■ **RECORDED DATA**:
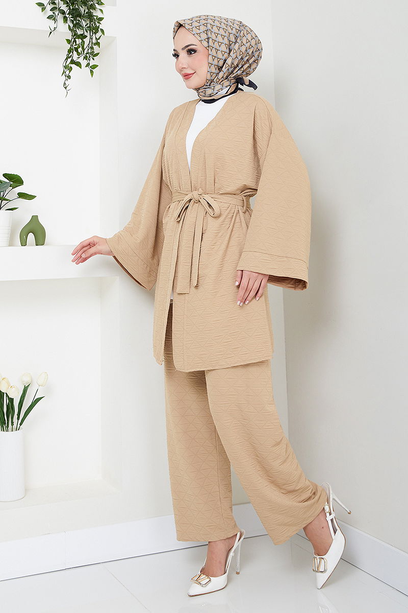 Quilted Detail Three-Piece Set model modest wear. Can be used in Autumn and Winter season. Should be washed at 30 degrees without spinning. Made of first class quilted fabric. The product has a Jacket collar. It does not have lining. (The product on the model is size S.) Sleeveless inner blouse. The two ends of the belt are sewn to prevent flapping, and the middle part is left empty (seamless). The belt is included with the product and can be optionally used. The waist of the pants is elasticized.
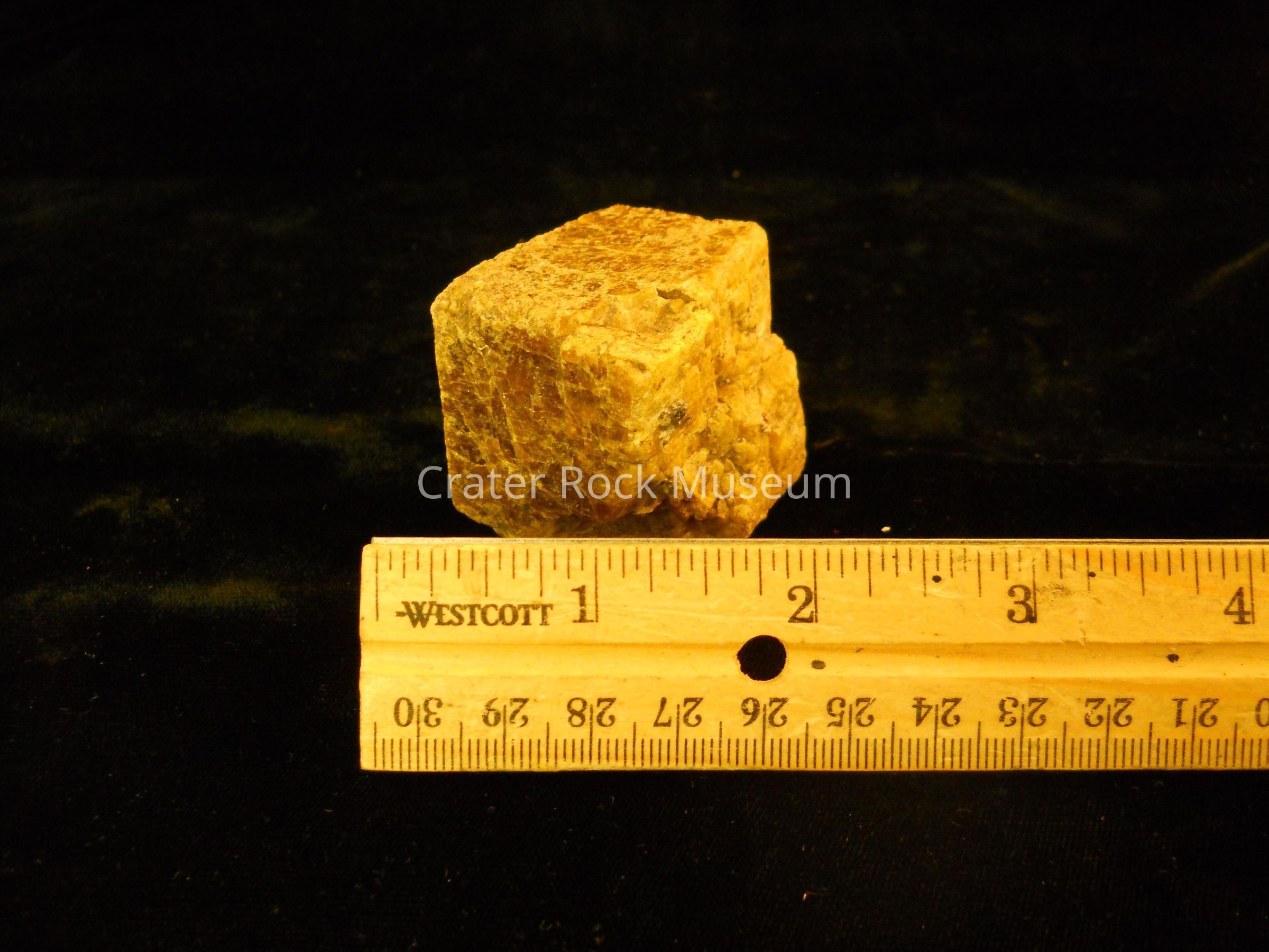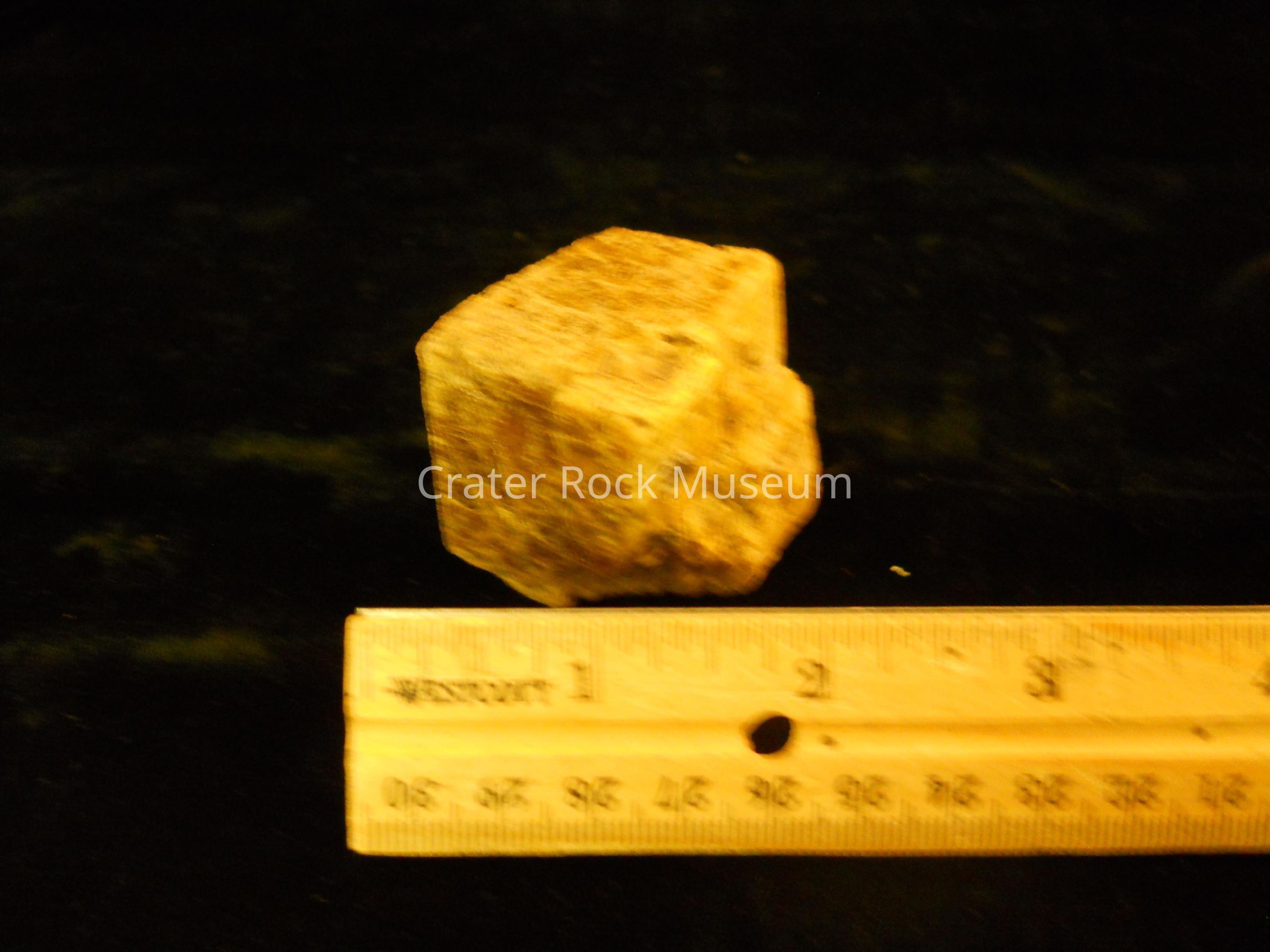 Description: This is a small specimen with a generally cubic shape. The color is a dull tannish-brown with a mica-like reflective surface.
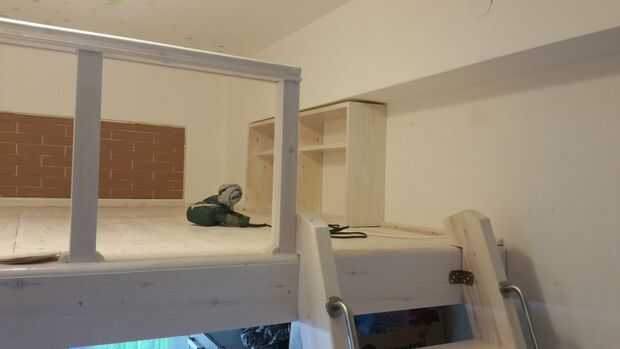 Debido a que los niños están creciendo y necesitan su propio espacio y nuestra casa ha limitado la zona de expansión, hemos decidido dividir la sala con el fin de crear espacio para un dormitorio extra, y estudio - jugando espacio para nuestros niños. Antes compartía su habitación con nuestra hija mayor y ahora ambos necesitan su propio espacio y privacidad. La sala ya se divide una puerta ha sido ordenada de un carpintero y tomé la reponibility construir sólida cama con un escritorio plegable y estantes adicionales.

■ **TASK TO COMPLETE**: Return, unchanged, the lines from the first line of the material through the line that holds "Description: This is", inclusive, omitting pictures.

■ **WORKED SOLUTION**:
 Quilted Detail Three-Piece Set model modest wear. Can be used in Autumn and Winter season. Should be washed at 30 degrees without spinning. Made of first class quilted fabric. The product has a Jacket collar. It does not have lining. (The product on the model is size S.) Sleeveless inner blouse. The two ends of the belt are sewn to prevent flapping, and the middle part is left empty (seamless). The belt is included with the product and can be optionally used. The waist of the pants is elasticized.
 Description: This is a small specimen with a generally cubic shape. The color is a dull tannish-brown with a mica-like reflective surface.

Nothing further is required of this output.